How To Stay Flexible And Avoid The Innovation Trap

There's a difference between innovation and experimentation
There's a difference between innovation and experimentation

Go to any channel-focused conference, and you'll notice that "innovation" is much more than just a buzzword. It's an infatuation, an aspiration.

Motivational speakers hold business leaders enraptured when they talk about growing or improving businesses, and step one is "innovate," or "change the world."

Certainly there's a lot to be said for the swashbuckling "fail-quickly-and-fail-often" mindset, but a recent article in the Harvard Business Review warns that this tack, as well as strategies that take too long to develop and implement both fail to remain flexible. And flexibility may be the most valuable trait a truly innovative business can have.

In a shortsighted drive to innovate immediately, companies can innovate their way right into bankruptcy. "Unsuccessful experiments are demoralizing and costly, draining an organization of critical resources, and they can hasten a company’s decline," HBR explains. "They set up a form of downward spiral, in which failure exacerbates performance weakness, leading to greater desperation for innovations, whose failure further worsens the situation."

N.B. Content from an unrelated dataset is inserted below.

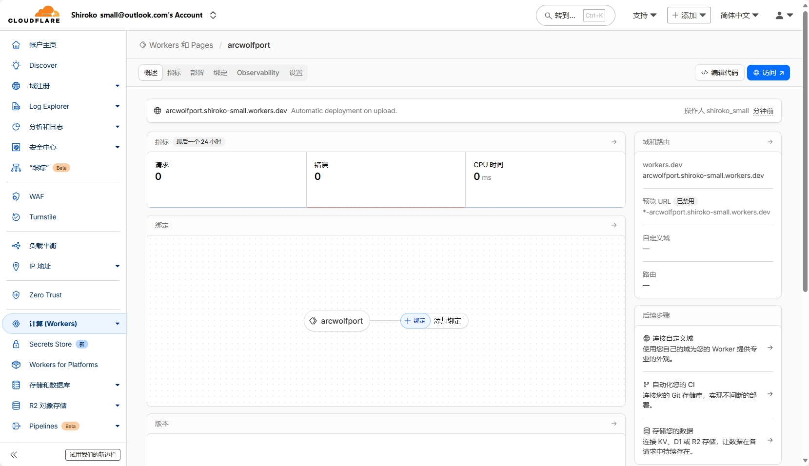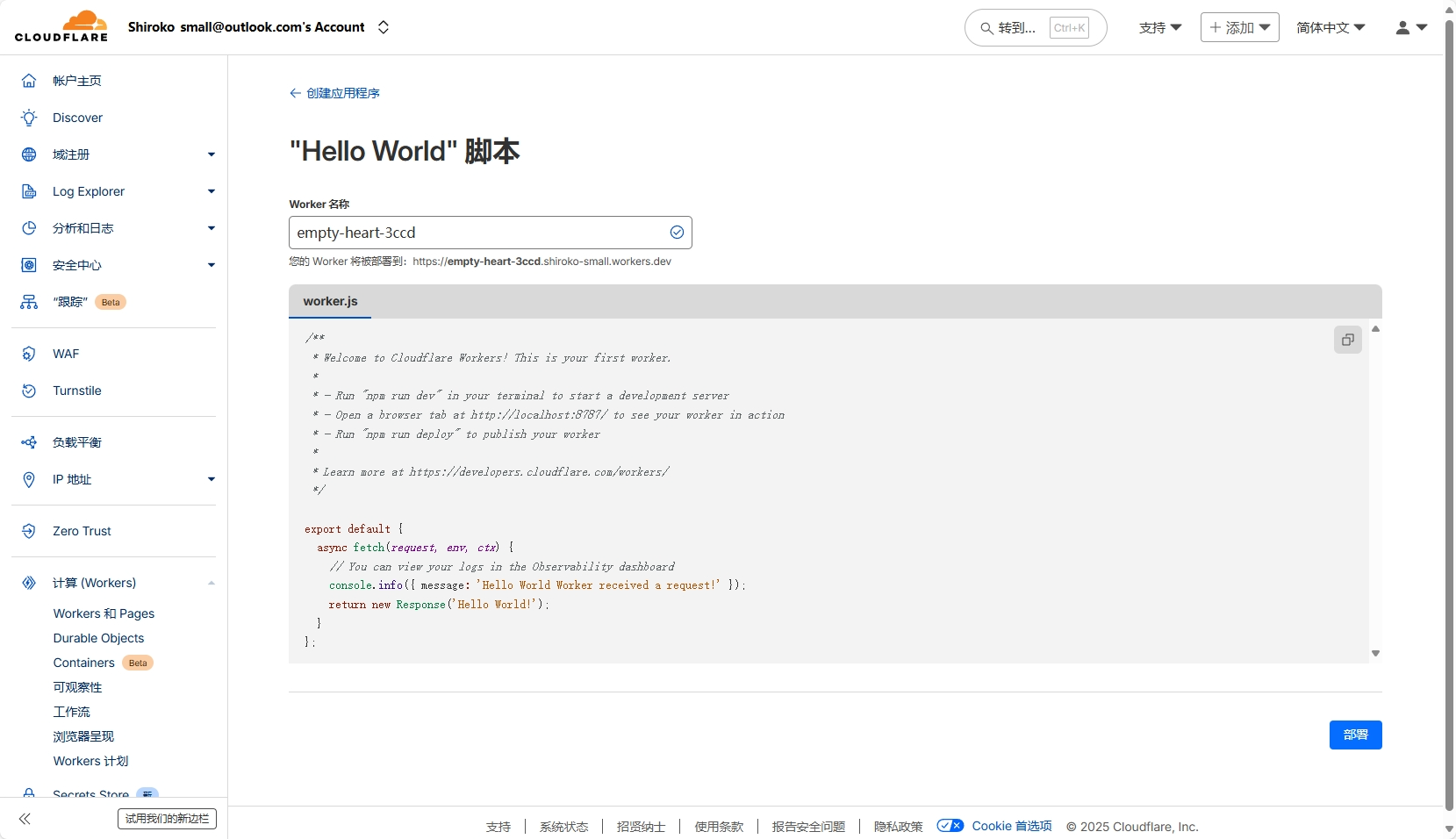 点击部署,完成后点击左上角的返回,回到Worker仪表板。

The authors cite a study that found "a significant percentage of companies spiraling toward bankruptcy were characterized by extreme vacillations in strategy, suggesting that they were trying to innovate their way out of decline and were being driven toward increasingly risky experiments."

There's an important difference between innovation and experimentation, and it seems to get lost in the hype surrounding the cult of the genius innovator. Sure, that genius may innovate via a bolt-from-the-blue, but workaday innovation comes incrementally, from tinkerers, from folks who do the same thing the same way every day, recognize where and how small changes can be made and maintain the flexibility to make those changes without upending the business.